Casa Nobre de Jequitaia, also known as Casa à Avenida Frederico Pontes, is an unused residence in Salvador, Bahia, Brazil. It is located in the Calçada neighborhood and likely dates to the 18th century. It was once connected by a corridor to the Casa Pia and College of the Orphans of Saint Joachim, an architectural complex that consists of a chapel, school, and orphanage. Casa Nobre de Jequitaia has two stories and is typical of Portuguese colonial architecture in Brazil: it consists of two stories and a small attic. The ground floor served as an entrance and housing for slaves and servants, the upper floor for the owner and his family; the small attic was used for bedrooms. It was listed as a historic structure by the National Institute of Historic and Artistic Heritage in 1938.

==History==

The date of construction of the Casa Nobre de Jequitaia is unknown, but is characteristic of residential architecture of Salvador in the mid-18th century. In 1938 the building was occupied by the Center of Production Training of APAE (Centro de Treinamento de Produção da APAE); by the 1940s it was owned by the Brazilian Ministry of War.

==Location==

Casa Nobre de Jequitaia is located in the Calçada neighborhood of Salvador, directly north of the Comércio district. The house once stood at the base of a small hill range close to the waterfront of the Bay of All Saints; due to successive landfill projects it sits farther inland. The house sits on Jequitaia Avenue, formerly known as Avenida Frederico Pontes. The house featured a broad staircase at the time of its construction, but now sits directly on the avenue with no frontage other than a narrow sidewalk. The façade of the building faces directly west on to a mixed industrial-market area on the Bay of All Saints. The house is located nearly adjacent to Casa Pia and College of the Orphans of Saint Joachim, also a protected historic architectural complex.

==Structure==

The exterior is in stone masonry with four columns; the interior consists of concrete pillars and slabs dating to the 20th century. The ground floor has four doors and three windows with alternating curved frames and wooden jambs. The second floor has seven windows with small, decorative balconies with wooden balustrades. The lateral façades of the upper floor have windows similar to those of the main façade. The rear façade consists of an extension of the upper floor on masonry pilasters. The house has four roof eaves on a wooden frame.

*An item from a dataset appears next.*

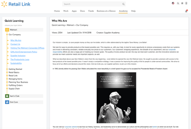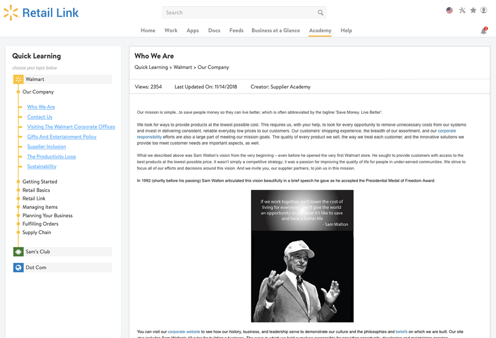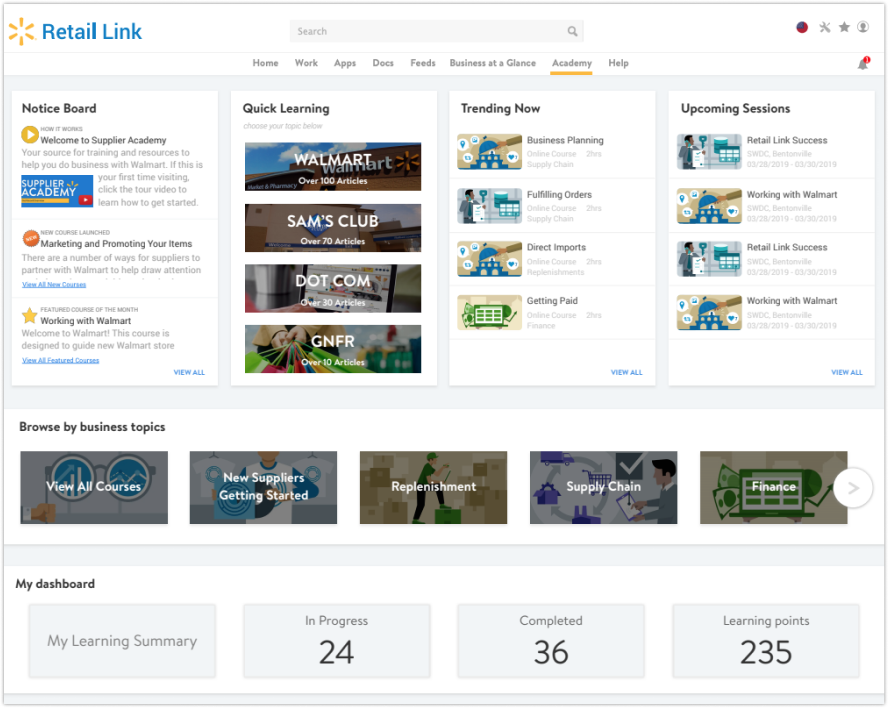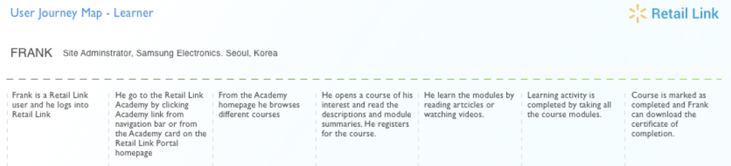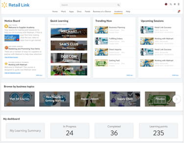 Retail Link® is an online hub for the data, documentation, reports, and special applications that suppliers use to manage their business with Walmart. Nearly 250k users from different supplier companies use Retail Link to manage their day-to-day business with Walmart. The Retail Link application is so vast and complex that users need to have a steep learning curve to use various features of the application. Various third-party companies train the users on how to use the Retail Link application. Walmart also has lots of training material that is not easily accessible to users. To resolve this issue, a separate Learning Management System to provide training to the Retail Link users.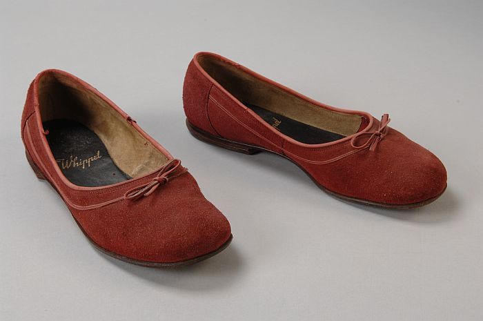 Oud roze suède platte damesschoenen, instapper, rode...

It is flanked by two lateral interior galleries that extend from ground level to the roof. They are the earliest examples of lateral galleries in domestic architecture in Bahia; later examples are found in Solar Marback and the plantation house of Engenho Vitória in Cachoeira, the latter never completed.

The house is typical of Portuguese colonial domestic architecture; the ground floor served as an entrance and housing for slaves, servants, and other functions; a second floor, called the pavimento nobre, reserved exclusively for the owner and his family. A small sotão, an attic usually reserved for bedrooms of the daughters of the owner of the house, is elongated and placed perpendicular to the main axis of the roof.

The extensions to the north and south of the building are of more recent construction. It has a low right foot and eight twin windows of more recent construction. A garden is located on the south side of the house and is accessible by a staircase.

==Protected status==

Casa Nobre de Jequitaia was listed as a historic structure by the National Institute of Historic and Artistic Heritage in 1938.

==Access==

Casa Nobre de Jequitaia is not open to the public and may not be visited.